Presentation on theme: "INVERSION Putting the verb before the subject. Two kinds of inversion an auxiliary verb comes before the subject and the rest of the verb comes after."— Presentation transcript:
INVERSION Putting the verb before the subject. Two kinds of inversion an auxiliary verb comes before the subject and the rest of the verb comes after. If no auxiliary, do, does or did is added. Only yesterday did I realize what was going on. the whole verb comes before the subject; do or did aren’t used. Round the corner came a milkman.
a)Sentences with if should, had, were (formal way) Should you hear anything let me know at once. Were they to escape, there would be an outcry. Were Smith to resign, I might stand a chance of getting his job. Had I known what was going to happen, I would never have left her alone. Were it not for your help, I’d still be homeless.
b)after so/such with that (adverbial clause of result) –So + adjective So devastating were the floods that some areas may never recover. So well-known is John that everybody knows him. So exhausted were the runners that none of them finished the race. –Such used with be means so much / so great. Such was the force of the storm that trees were uprooted. Such are his reactions that no one can match him. Such was the demand for the tickets that people queued day and night. Such was the uncertainty that financial markets remained closed.
c) after adverbial expressions of place. (Whole verb is put before the subject. Do and did are never used. In intransitive verb With verbs of position (live, sit, stand, lie) With verbs of motion (come, go, rise, walk) only in descriptive writing. At the top of the hill stood my little cottage. In the midst of two small hills flowed a great river. In the cornfield lay the soldiers. Under a tree was sitting one of the tallest man. Among the bushes stands George. possible in passive with other verbs. In the distance could be seen the purple mountains. not possible when the subject is a pronoun. At the top of the hill it stood out againt the sky.

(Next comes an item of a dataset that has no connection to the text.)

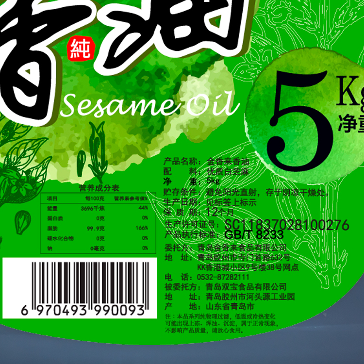 Kim Heung Lai Sesame Oil Sesame Oil 5kg Vat Korean Cuisine Yakiniku Sushi Shop Commercial (093)
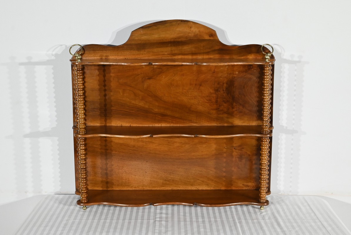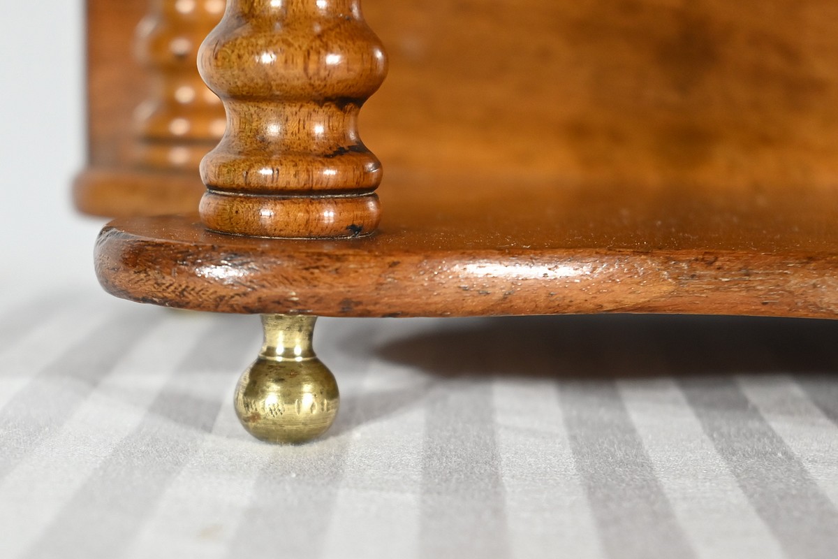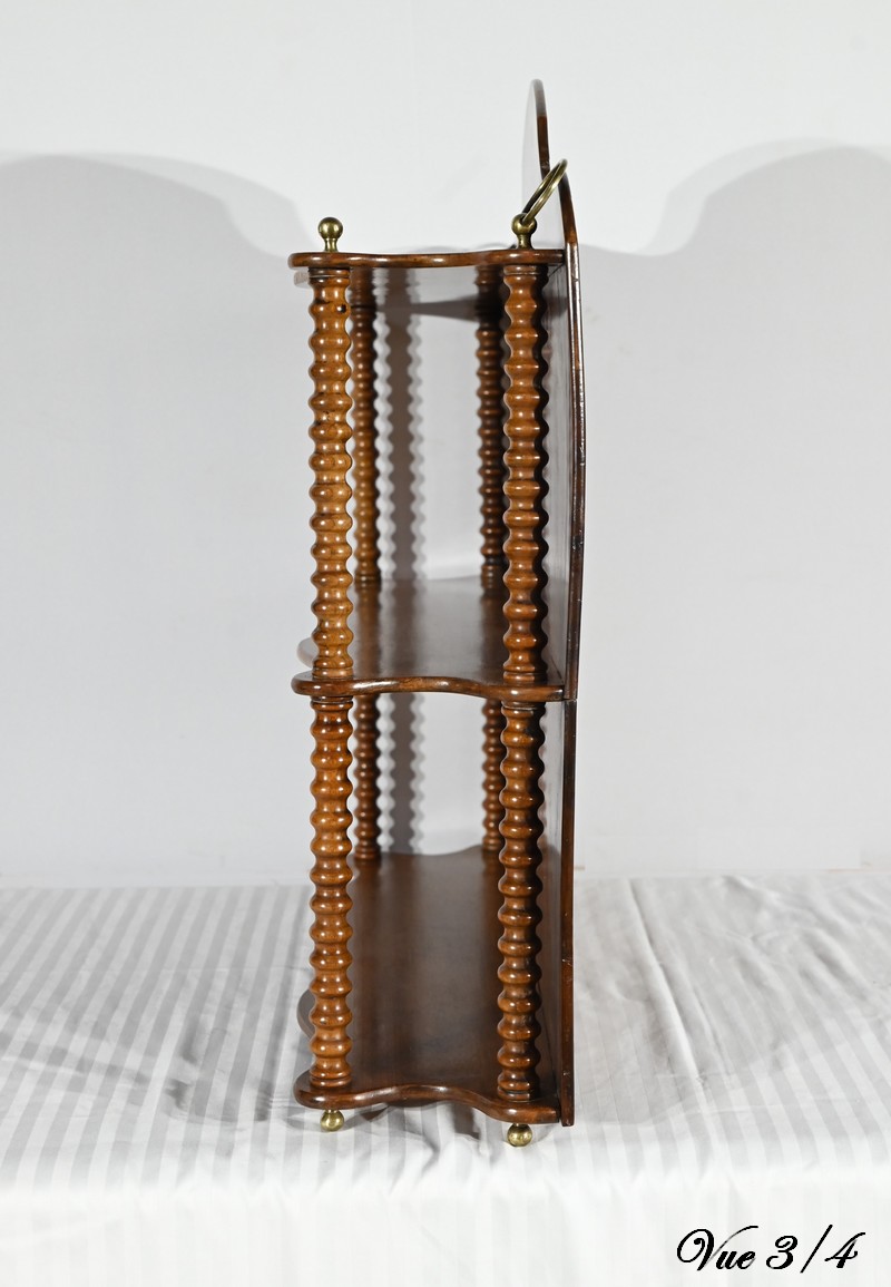 Cette étagère en noyer à trois niveaux présente des montants tournés en bobine sommés de petites boules et d’anneaux en laiton.

d)after as. She travelled a great deal, as did most of her friends. We were short of money, as were most people in our neighborhood. Some people still live in caves as did their ancestors. e)after neither, nor and so I don’t like Mozart - Nor / Neither do I. I’m going home - So am I.
f)after there, here Not progressive tense Here comes a taxi There goes the last train common with come and go when the subject is a pronoun not possible. g)after adverbs such as up, down, out, off Down came the rain and up went the umbrellas. Off went George. Up into the air went the balloon.
h)after negative adverbials when tha adverbial occurs at the beginning. formal language I-never, rarely, seldom in comparisons most commonly used with present perfect or past perfect or with modals such as can/could sentences often contain comparatives Rarely have I had so much responsibility. Seldom has the team given a worse performance. Never have I felt better. Rarely had his father been more helpful. Seldom had I seen such a remarkable creature.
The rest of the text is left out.